3. In para. 2 of the notice Exhibit P.-l it is specifically stated that a month of the tenancy commenced from the 8th day of every English Calendar month and terminated on the 7th day of every such subsequent month. In the end it has been said in the notice that the tenancy stands terminated 'by 7th January, 1963' and that the tenant is required 'to give vacant possession of the portion of the plot' to the landlord 'before 7th of January, 1963'. Mr. TeJ Singh Vohra has contended that 'before 7th of January, 1963' is not the same thing as 'by the end of a month of the tenancy', as by the operation of Section 110 of the Transfer of Property Act as interpreted in Venkataratnam v. Suryanarayana, AIR 1953 Orissa 58 the month of the tenancy ended on the 8th of January, 1963. These questions have not been dealt with by the first appellate Court.

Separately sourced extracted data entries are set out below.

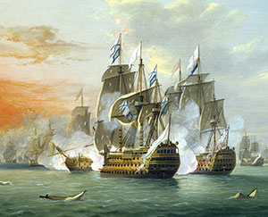 Above: The Battle of the Saints—British Admiral George Rodney’s victory over a French fleet inspired Kerryman Eoghan Rua Ó Súilleabháin to compose ‘Rodney’s Glory’, to this day a mainstay of the traditional singer’s repertoire.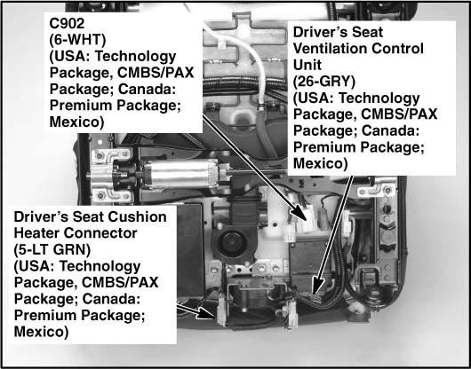 | Driver's Seat Ventilation Control Unit | Under driver's seat. See Figure. |
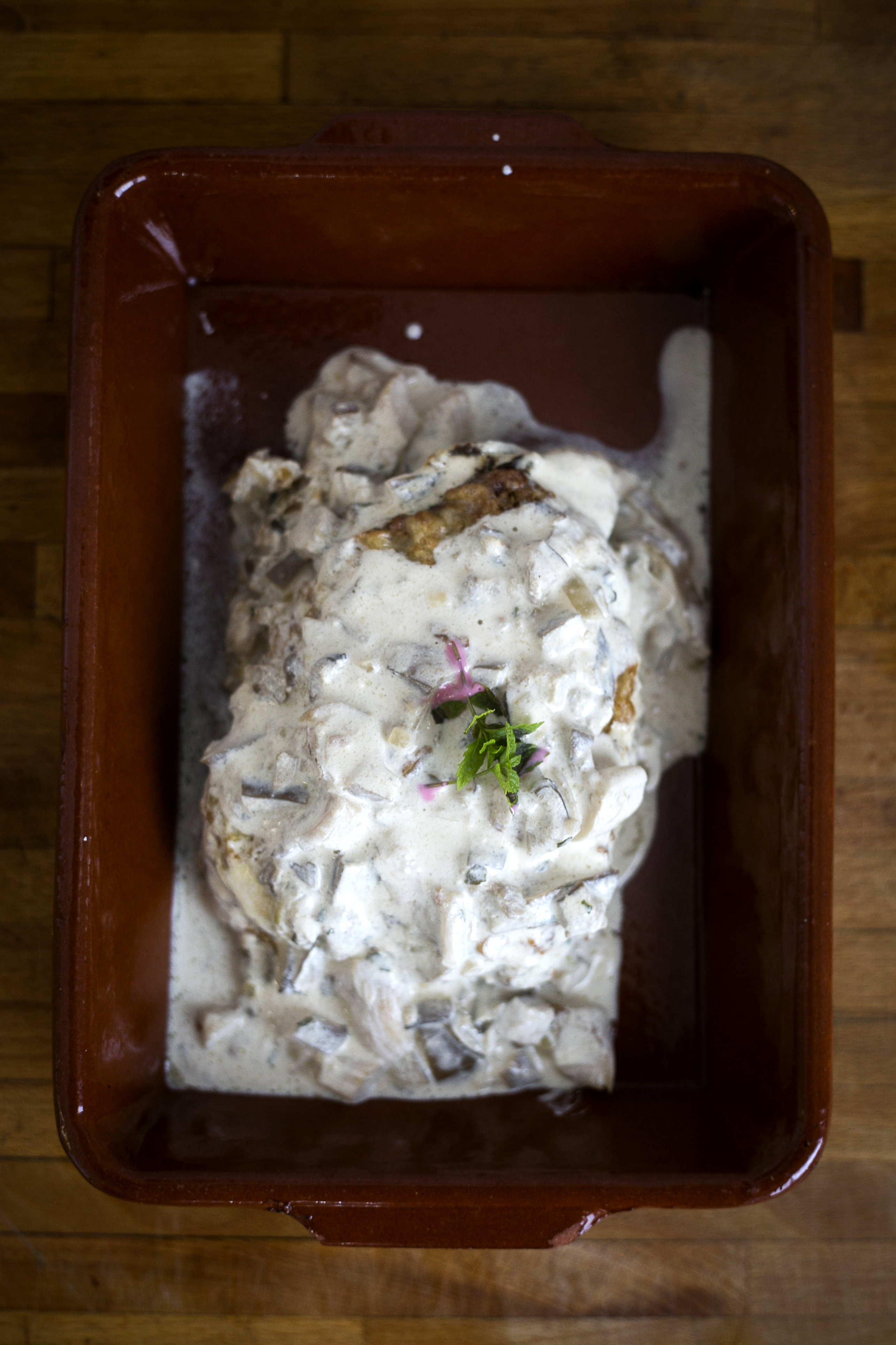 Ingredientes: 2 filetes de ternera «curiosinos», cecina, queso de barra, harina y huevo. Para la salsa necesitarás 1 cebolla pequeña, 1 diente de ajo, aceite de oliva, setas de cardo, medio litro de nata líquida y sal.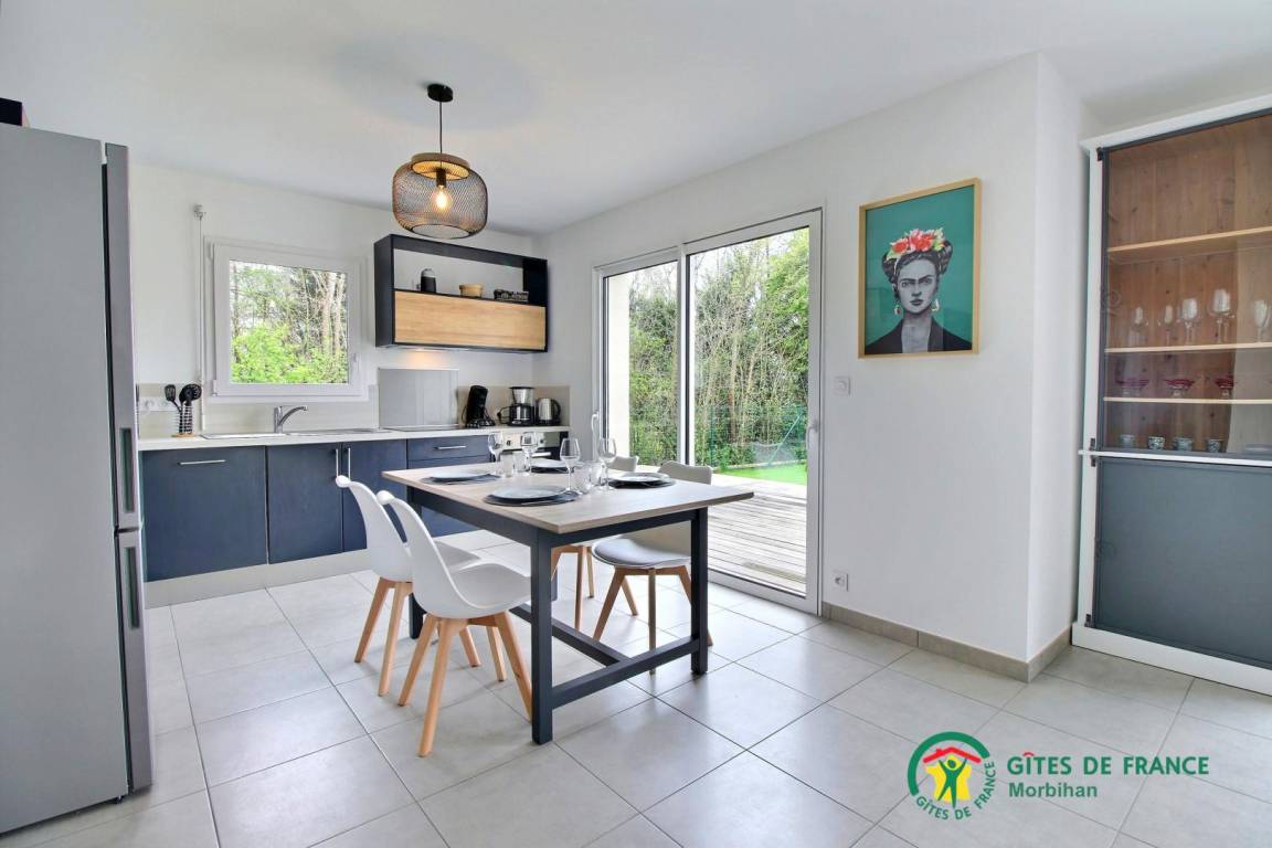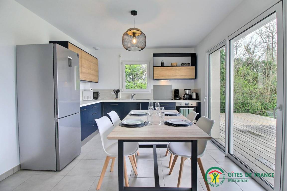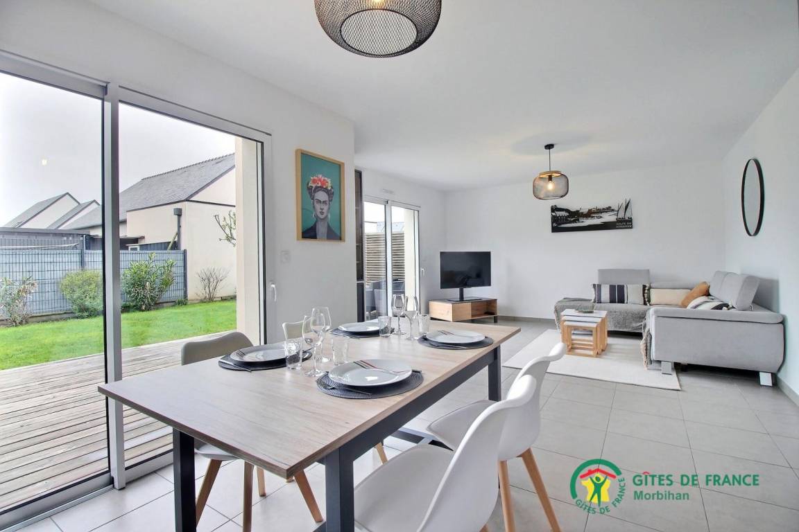 „Superbe maison dans un lotissement calme à Penvins, proche plage. Jardin agréable, avec arbres fruitiers et potager, sans vis-à-vis, parking sur place et maison très bien décorée et équipée. Accueil irréprochable par les hôtes. Un bon emplacement pour visiter la presqu’ile de Rhuys en famille. Très bon séjour !“

4. I find it impossible to finally decide this case without all the crucial questions, referred to above, being decided by the final Court of fact. Moreover, the judgment of the learned Additional Senior Sub-Judge is also vitiated by placing reliance on the Full Bench judgment of the Lahore High Court in AIR 1946 Lah 65 (FB) (supra), though the same has not been approved by the Supreme Court.
5. For the foregoing reasons, this appeal is allowed and the appellate judgment and the decree are set aside. The case will go back to the Senior Sub-Judge, Delhi, who will re-hear the parties and decide the appeal of the tenant on merits in accordance with law. At the joint request of the learned counsel for the parties it is further directed that both sides may lead such additional evidence as they may consider necessary on issue No. 2, particularly regarding the month of the tenancy and other allied matters covered by that issue. Costs of this appeal shall abide the result of the first appeal before the first appellate Court. The parties have been directed to appear before the Senior Sub-Judge, Delhi, on the 9th November, 1966.